• **ASSIGNMENT**
Transcribe each record exactly. Omit the pictures.

*****

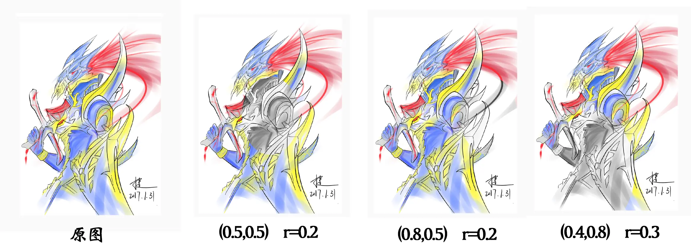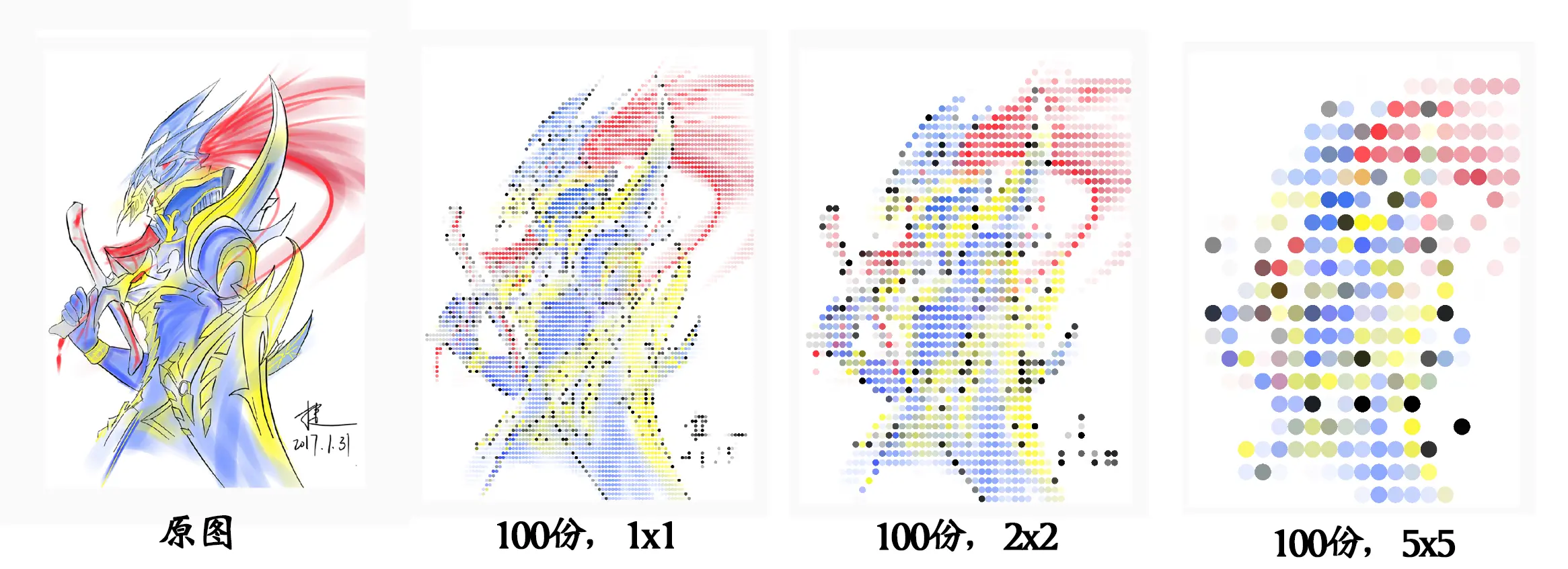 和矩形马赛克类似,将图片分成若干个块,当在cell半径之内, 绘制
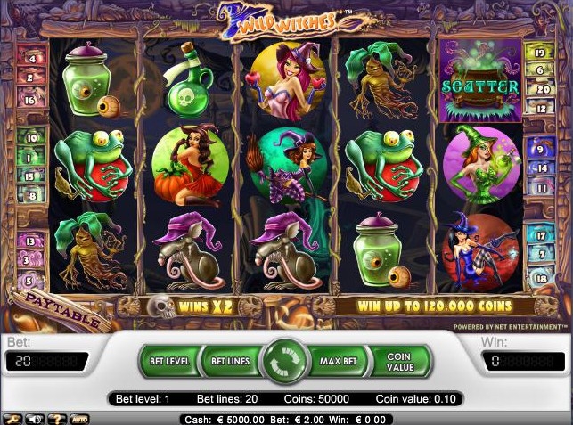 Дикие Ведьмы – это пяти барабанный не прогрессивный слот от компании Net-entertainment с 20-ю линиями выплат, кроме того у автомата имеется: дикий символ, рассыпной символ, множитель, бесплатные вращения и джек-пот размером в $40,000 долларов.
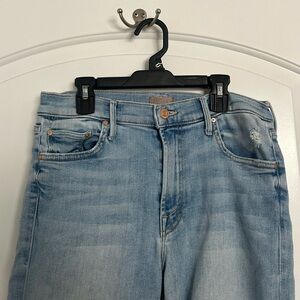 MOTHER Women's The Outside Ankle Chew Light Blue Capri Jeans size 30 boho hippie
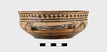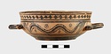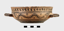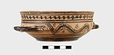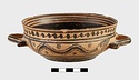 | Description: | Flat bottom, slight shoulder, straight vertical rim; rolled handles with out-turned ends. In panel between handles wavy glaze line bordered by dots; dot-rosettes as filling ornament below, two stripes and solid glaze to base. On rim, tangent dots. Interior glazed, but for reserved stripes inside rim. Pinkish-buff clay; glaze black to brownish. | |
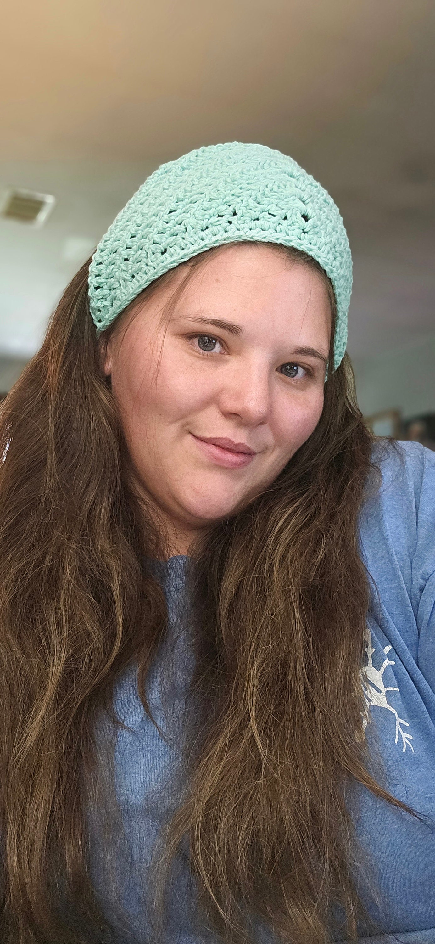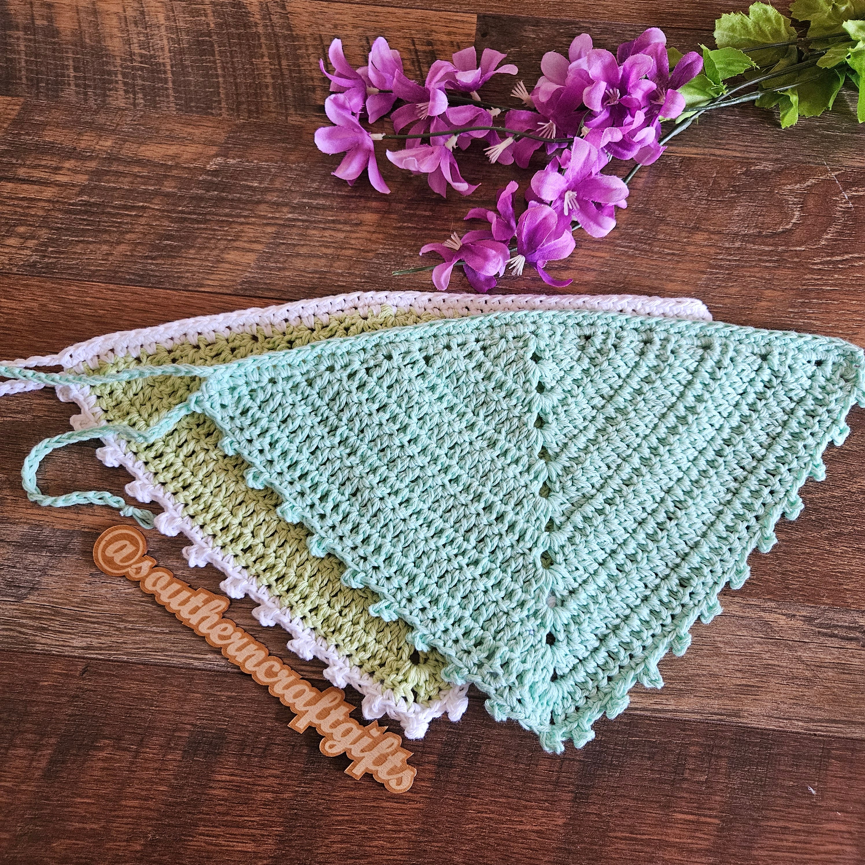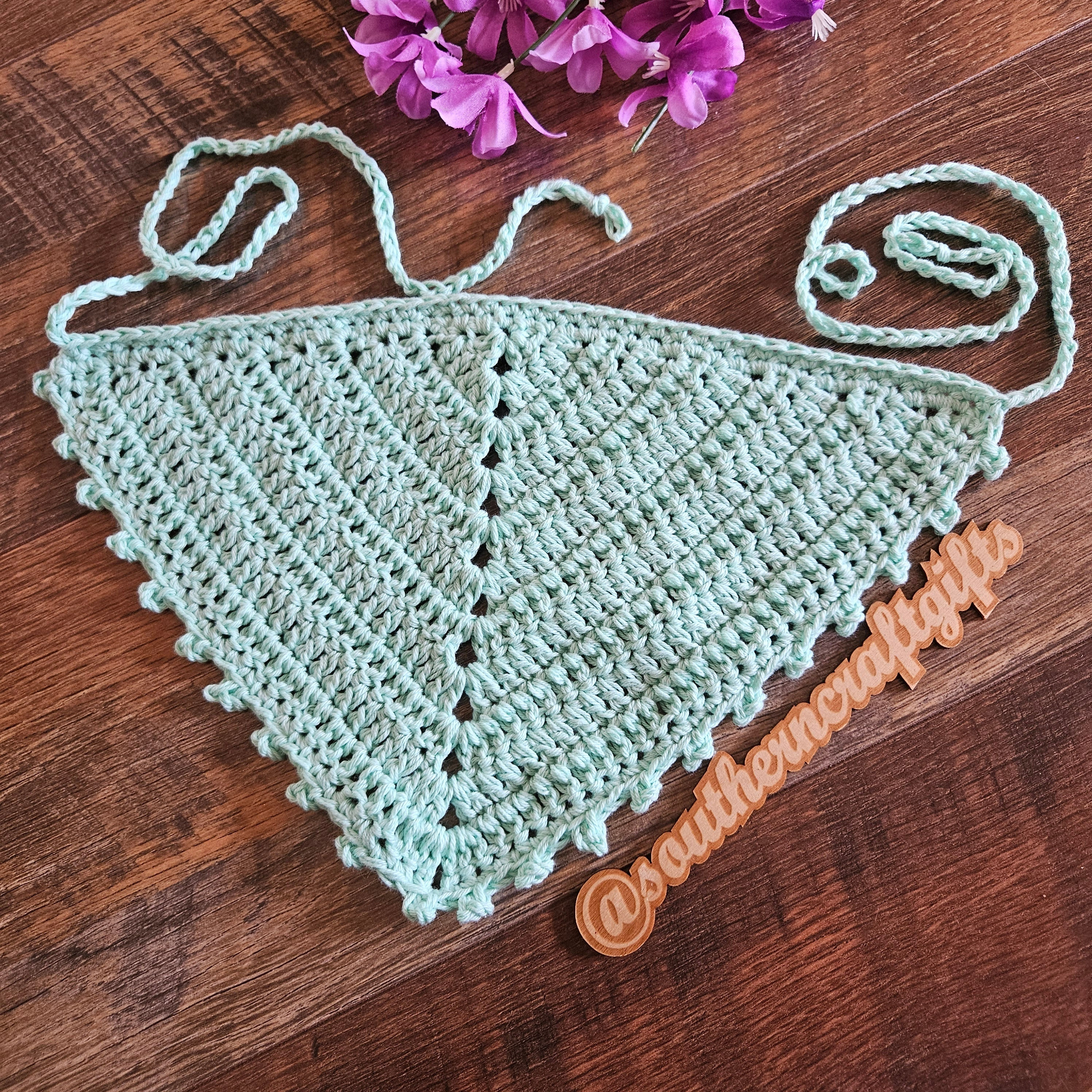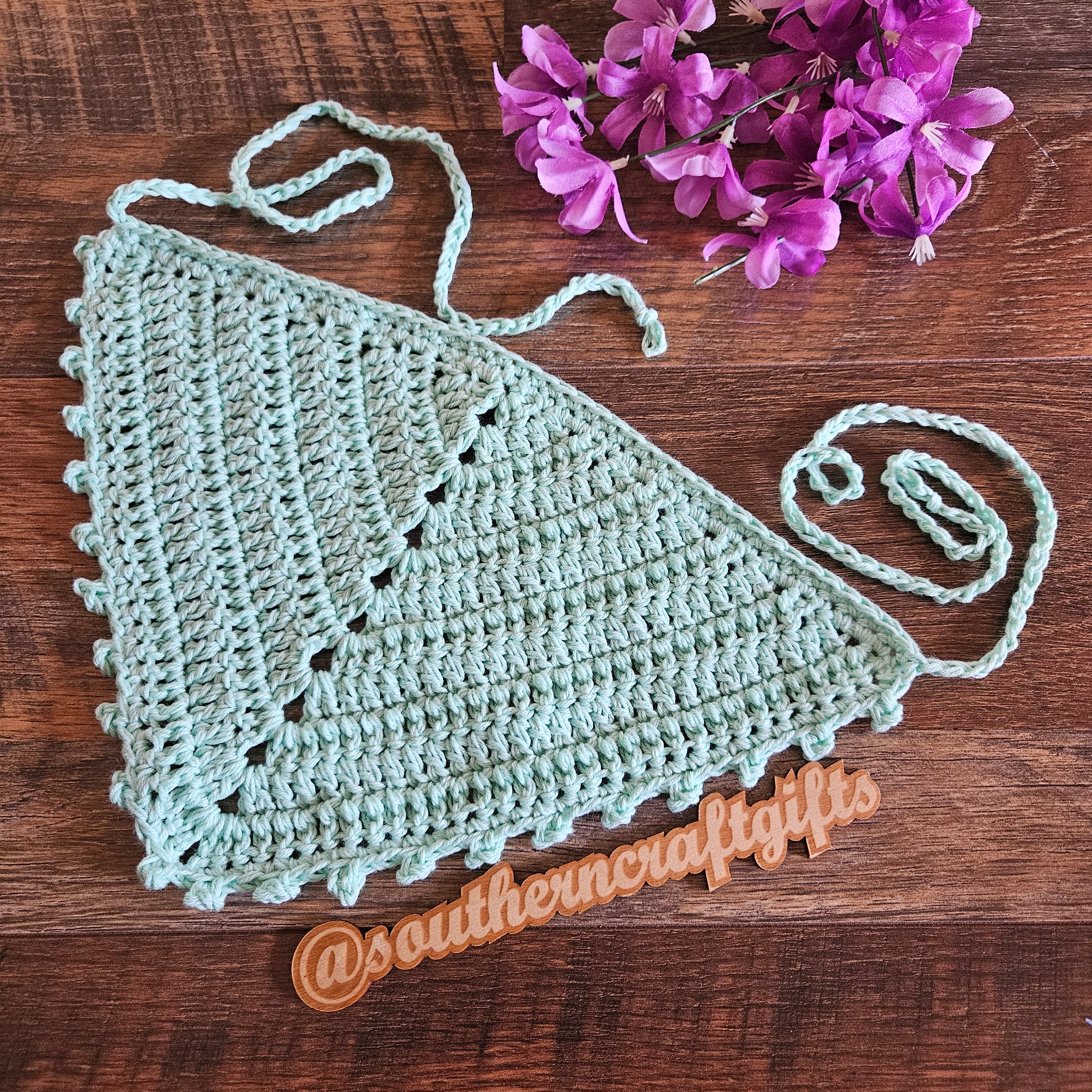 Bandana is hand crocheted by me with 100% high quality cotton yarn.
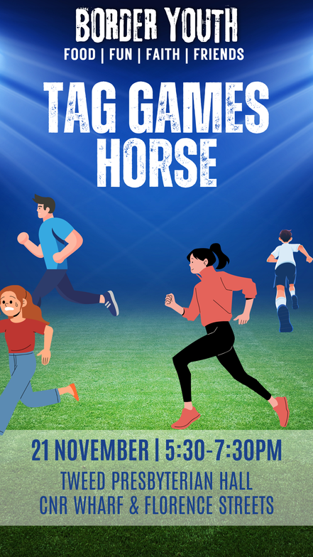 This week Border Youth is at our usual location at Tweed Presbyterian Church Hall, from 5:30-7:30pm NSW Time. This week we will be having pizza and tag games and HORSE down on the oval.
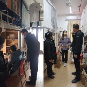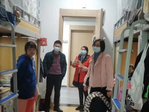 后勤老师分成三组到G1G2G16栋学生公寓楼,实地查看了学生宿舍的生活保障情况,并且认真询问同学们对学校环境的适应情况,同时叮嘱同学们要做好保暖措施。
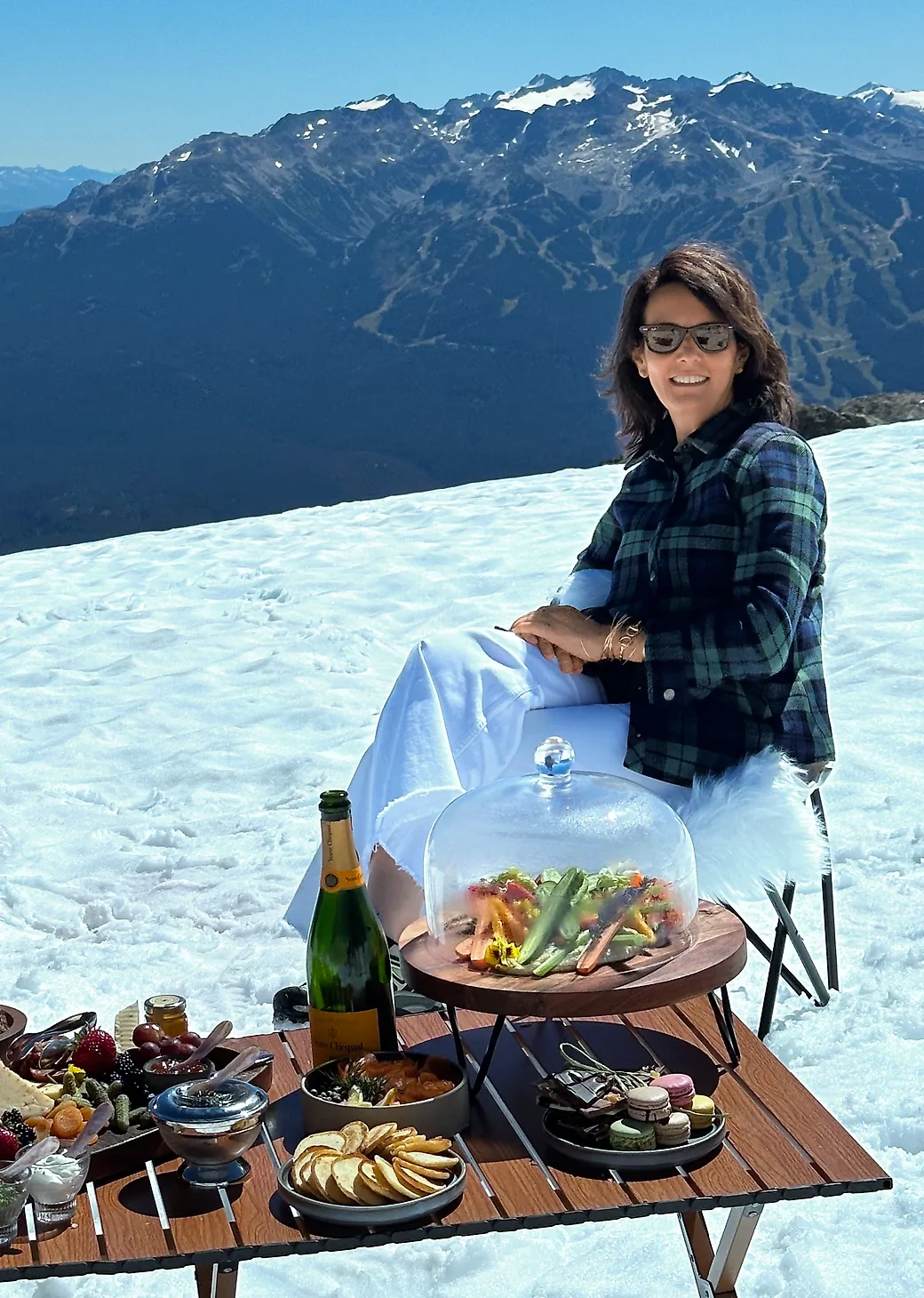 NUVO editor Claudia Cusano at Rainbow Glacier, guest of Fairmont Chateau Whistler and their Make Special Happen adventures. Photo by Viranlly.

*****

• **SOLUTION TO THIS TASK**
 和矩形马赛克类似,将图片分成若干个块,当在cell半径之内, 绘制
 Дикие Ведьмы – это пяти барабанный не прогрессивный слот от компании Net-entertainment с 20-ю линиями выплат, кроме того у автомата имеется: дикий символ, рассыпной символ, множитель, бесплатные вращения и джек-пот размером в $40,000 долларов.
 MOTHER Women's The Outside Ankle Chew Light Blue Capri Jeans size 30 boho hippie
 | Description: | Flat bottom, slight shoulder, straight vertical rim; rolled handles with out-turned ends. In panel between handles wavy glaze line bordered by dots; dot-rosettes as filling ornament below, two stripes and solid glaze to base. On rim, tangent dots. Interior glazed, but for reserved stripes inside rim. Pinkish-buff clay; glaze black to brownish. | |
 Bandana is hand crocheted by me with 100% high quality cotton yarn.
 This week Border Youth is at our usual location at Tweed Presbyterian Church Hall, from 5:30-7:30pm NSW Time. This week we will be having pizza and tag games and HORSE down on the oval.
 后勤老师分成三组到G1G2G16栋学生公寓楼,实地查看了学生宿舍的生活保障情况,并且认真询问同学们对学校环境的适应情况,同时叮嘱同学们要做好保暖措施。
 NUVO editor Claudia Cusano at Rainbow Glacier, guest of Fairmont Chateau Whistler and their Make Special Happen adventures. Photo by Viranlly.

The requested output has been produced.